### DATA EXTRACT
________

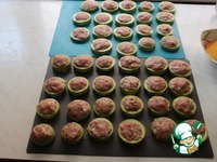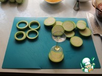 Кабачки нарезаем кружочками, толщиной приблизительно 1 см. В каждом кружочке выдавливаем серединку. |
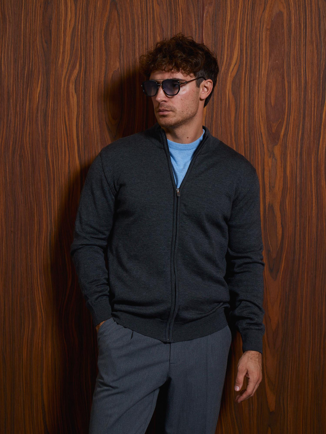The zip-up jumper is finished in a discreet and elegant brown color, making it ideal for everyday style and informal business meetings. The product has a laconic design with a high collar, which provides additional protection against wind and coolness. A full-length zipper adds practicality, allowing the jacket to be put on and taken off easily, as well as adjust comfort depending on the weather.
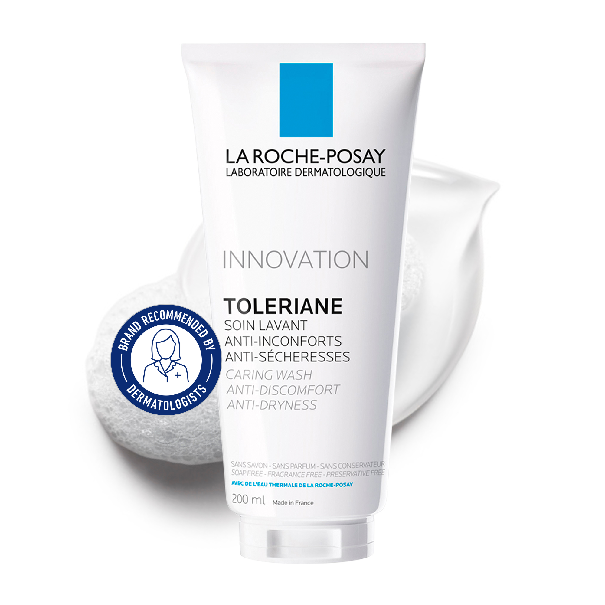 Walmart product name La Roche-Posay Toleriane Hydrating Cleanser, Gentle Face Wash with Ceramides for Dry Skin, 400mL Walmart Product Description Short Gently wash away daily impurities and makeup with this hydrating cream cleanser formulated for normal to dry sensitive skin. Infused with essential Ceramides, Niacinamide, and Prebiotic Thermal Water, it helps the skin retain vital moisture while supporting its natural protective barrier. This soap-free, non-lathering face wash soothes dryness and discomfort, leaving your complexion feeling soft and nourished. Dermatologist-tested to ensure optimal safety and tolerance for delicate skin. walmart_consumer_benefit - Hydrating cream cleanser: Gently lifts away face and eye makeup, dirt, and impurities without over-drying the skin

________

From the line containing "The zip-up jumper" through the last line of the listing, inclusive, transcribe every line exactly and nothing else; the pictures stay out.

### EXERCISE RESULT
The zip-up jumper is finished in a discreet and elegant brown color, making it ideal for everyday style and informal business meetings. The product has a laconic design with a high collar, which provides additional protection against wind and coolness. A full-length zipper adds practicality, allowing the jacket to be put on and taken off easily, as well as adjust comfort depending on the weather.
 Walmart product name La Roche-Posay Toleriane Hydrating Cleanser, Gentle Face Wash with Ceramides for Dry Skin, 400mL Walmart Product Description Short Gently wash away daily impurities and makeup with this hydrating cream cleanser formulated for normal to dry sensitive skin. Infused with essential Ceramides, Niacinamide, and Prebiotic Thermal Water, it helps the skin retain vital moisture while supporting its natural protective barrier. This soap-free, non-lathering face wash soothes dryness and discomfort, leaving your complexion feeling soft and nourished. Dermatologist-tested to ensure optimal safety and tolerance for delicate skin. walmart_consumer_benefit - Hydrating cream cleanser: Gently lifts away face and eye makeup, dirt, and impurities without over-drying the skin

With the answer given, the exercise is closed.